Second, due to incomplete AE reporting in most included studies, the total number of reported cases may not represent the actual numbers for some NPAEs. Frequency thresholds for AE reporting present in most studies omitted rarer events, and many records were excluded due to missing, preselected, or grouped AE data. We tried to correct this by contacting the investigators but obtained additional data for only 6 trials.
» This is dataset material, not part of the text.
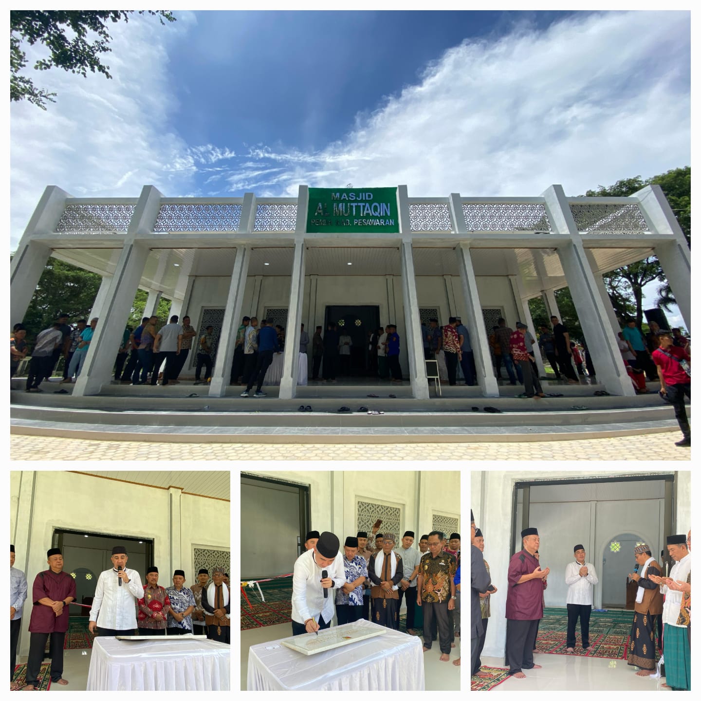 Peresmian masjid ditandai dengan pemotongan pita dan penandatanganan prasasti yang dilakukan usai salat Jum’at berjamaah yang dilakukan bersama Sekretaris Daerah Wildan, para asisten, kepala dinas, serta jajaran pejabat dan pegawai di lingkungan Pemkab Pesawaran.
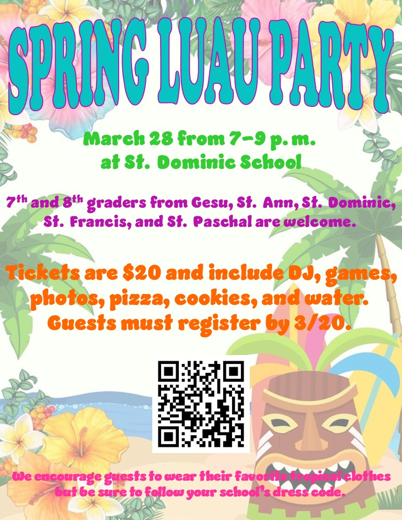 St. Dominic School Spring Luau Party for 7th and 8th graders on March 28. Students must register by 3/20. |

Third, our study employed stringent inclusion criteria, specifically focusing on treatment‑naive patients. This methodological choice serves as both a strength and a limitation of our meta‑analyses. In contrast to a previous meta‑analysis that compared the general safety of tenofovir disoproxil fumarate– vs tenofovir alafenamide–based therapies, which incorporated studies including treatment‑experienced patients,³⁶ our targeted approach on treatment‑naive patients was adopted to reduce potential biases associated with preselection for tolerability. This strategy aimed to improve homogeneity, while recognizing the trade‑off of potentially diminishing statistical power. Notably, this criterion also prompted our decision not to include studies focusing on the treatment of hepatitis B, which otherwise would have been valuable for both the comparison of tenofovir vs placebo and the comparison of the tenofovir prodrugs. Treatment‑naivety is rarely a prerequisite in hepatitis B trials, as most studies allow both treatment‑naive and treatment‑experienced patients.^37,38

Fourth, we pooled data on AEs reported up to different time points of observation and study duration for the meta‑analyses. This approach ensured inclusion of the most complete datasets available at the expense of introducing additional heterogeneity.
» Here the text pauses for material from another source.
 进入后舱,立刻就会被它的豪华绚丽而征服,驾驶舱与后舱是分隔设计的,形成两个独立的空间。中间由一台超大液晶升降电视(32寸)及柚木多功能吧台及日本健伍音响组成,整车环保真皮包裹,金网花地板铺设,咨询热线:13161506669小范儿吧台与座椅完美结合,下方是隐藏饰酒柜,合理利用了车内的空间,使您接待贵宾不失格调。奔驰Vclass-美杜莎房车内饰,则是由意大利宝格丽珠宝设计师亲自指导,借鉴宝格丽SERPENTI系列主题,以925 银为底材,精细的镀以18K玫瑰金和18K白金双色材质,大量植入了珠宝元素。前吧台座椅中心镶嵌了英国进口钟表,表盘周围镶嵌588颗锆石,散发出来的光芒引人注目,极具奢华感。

Finally, our decision to compare tenofovir alafenamide with tenofovir disoproxil fumarate stemmed from the hypothesis that higher intracellular tenofovir concentrations, potentially achieved with tenofovir alafenamide, might increase neurotoxicity.³⁹ To date, there has been no direct comparison of neuronal concentrations of tenofovir between these prodrugs. However, a single small study assessed tenofovir concentrations in cerebrospinal fluid (CSF) and plasma before and after switching from tenofovir disoproxil fumarate to tenofovir alafenamide in ART patients, using the CSF / plasma concentration ratio as a surrogate marker of brain penetration. The authors found that this ratio increased after the switch, suggesting enhanced brain penetration.⁴⁰ However, the small sample size and reliance on an indirect method to estimate brain penetration limit the generalizability of these findings. Without direct evidence comparing neuronal uptake, the question of increased neurotoxicity with tenofovir alafenamide remains open. Given its growing use, a thorough investigation into potential risks is warranted. Our analysis contributes to this exploration, emphasizing the need for cautious interpretation and further research to elucidate the neuropsychiatric safety profile of tenofovir alafenamide.

Conclusions

This study demonstrated that several types of NPAEs are common in tenofovir‑based ART. In the PrEP trials, where tenofovir was used alone or with emtricitabine, the spectrum and frequency of NPAEs were generally lower. The higher risk in the ART studies may reflect both the increased vulnerability of PLWH to NPAEs and the effects of other drugs included in ART regimens. Although NPAEs rarely led to therapy withdrawal in RCTs on tenofovir‑based therapy, such symptoms can impair adherence in real‑world settings,^3-5 underscoring the need to monitor these events. The European AIDS Clinical Society (EACS) guidelines recommend assessing depression and anxiety through leading questions,⁴¹ and we suggest expanding this list to include other common neuropsychiatric symptoms. The EACS guidelines also provide algorithms for managing neuropsychiatric symptoms. Importantly, if a causal link to ART is likely, switching regimens is warranted; otherwise, general guidelines (eg, for headache, depression) should be followed.⁴¹ Among NPAEs, dizziness may be the only symptom directly attributed to tenofovir. Tenofovir alafenamide is noninferior to its predecessor regarding NPAE rates, except for a potentially higher risk of headache in the ART patients, which warrants further investigation.